On the mobility side, EMC said integration of the Isilon platform with its Syncplicity cloud-based file sharing technology, previously previewed in January, is now ready and available for purchase.

The combination of Isilon with Syncplicity offers customers the opportunity to provide access to corporate users on an anytime, anywhere basis based on a proven storage platform, Grocott said.

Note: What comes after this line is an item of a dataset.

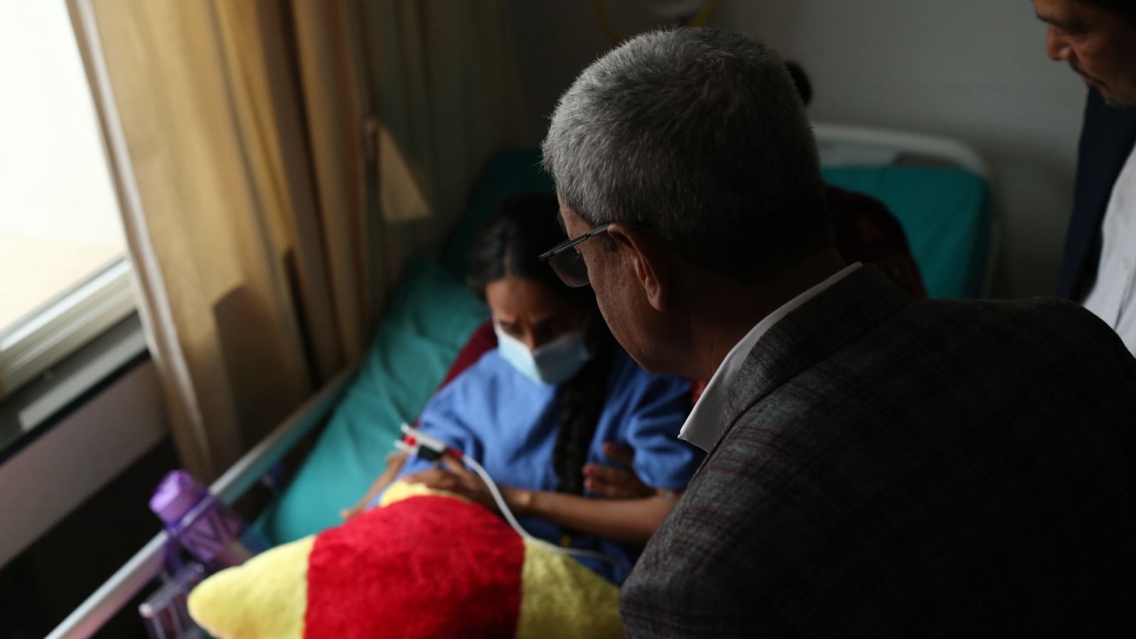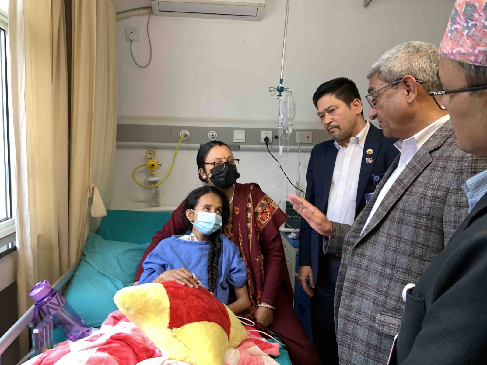 गृहमन्त्री रमेश लेखकले चैत १३ गते तीनकुनेकाे प्रदर्शनमा घाइते भएकाहरूलाई भेटेका छन्।

"Mobility is a key area for us," he said. "For the channel, this is an integrated solution. Mobile users are moving data off-site to the cloud, which causes businesses a lot of issues. Isilon provides access to customers' data via Syncplicity without users ever going to the cloud."

On the analytics side, EMC Isilon now supports the storage of Hadoop 2.0 big data operations, including those of EMC's new Pivotal big data company and the Apache Hadoop 2.0 software.

For the cloud, EMC Isilon now supports three new ways to store next-generation applications and data, Grocott said.

The first is a new native REST API for Isilon's OneFS operating system that provides seamless access to object and file systems over public and private clouds.

David Noy, senior director of product management for EMC, said the new REST API is based on the same API used by Amazon S3. "With a bit of modification, if an application is written for S3, it can be easily rewritten for Isilon," Noy said.

The second is Isilon support for EMC's new ViPR software-defined storage platform, which EMC unveiled Monday.

"EMC's ViPR software-defined storage technology provides object access to a heterogeneous storage layer that lies between storage and the cloud," Grocott said. "It targets different types of storage from different kinds of Web-based applications."

NEXT: New Capabilities For OneFS Operating System

ViPR on the Isilon supports REST APIs for EMC Atmos, Amazon S3, and OpenStack Swift storage, EMC's Grocott said. "So channel partners looking to help customers with large-scale object storage can use ViPR on Isilon," he said.

Isilon's new support of the OpenStack Swift storage platform makes data stored on Isilon accessible to applications in OpenStack private clouds, Grocott said.

EMC's Noy said that with the upcoming "Havana" release of OpenStack scheduled for the second half of the year, customers looking to deploy OpenStack compute resources through its Nova technology will be able to access Isilon storage through an open source Cinder plug-in.

In addition to the new application support for Isilon, EMC previewed an update for the OneFS operating system with deduplication, which will be available as a service on the Isilon platform for the first time, Grocott said.

Deduplication on the Isilon platform will not yield as large a capacity savings as might be found on more standard platforms due to the types of large files stored on Isilon. Even so, customers can expect a 30-percent cut in capacity when dedupe is used, he said.

Also new with OneFS is native audit integration that allows the storing of tracking information by third-party auditing software for financial, healthcare and other regulated industries.

The update to OneFS is slated to be available by year-end. The new dedupe capability will be available with a separate licensing fee, but the auditing capability will be included at no charge, Grocott said.

The new additions to the Isilon platform have helped Isilon become the new "storage toaster" of EMC, said Dan Weiss, CEO of Varrow, a Greensboro, N.C.-based solution provider and EMC partner.

"You plug it in, turn it on, and it does its job," Weiss said. "Isilon is big for our customers unless they are in the governance and compliance mode where they need a record for every single data activity."

Given the amount of talk about software-defined data centers at the recent VMware Partner Exchange, Weiss said he is not surprised to see EMC show how important its ViPR software-defined storage technology is to its storage platforms like Isilon.

"Customers are starting to look at that technology and wondering whether they can start to forget about proprietary hardware and go with only commodity hardware," he said.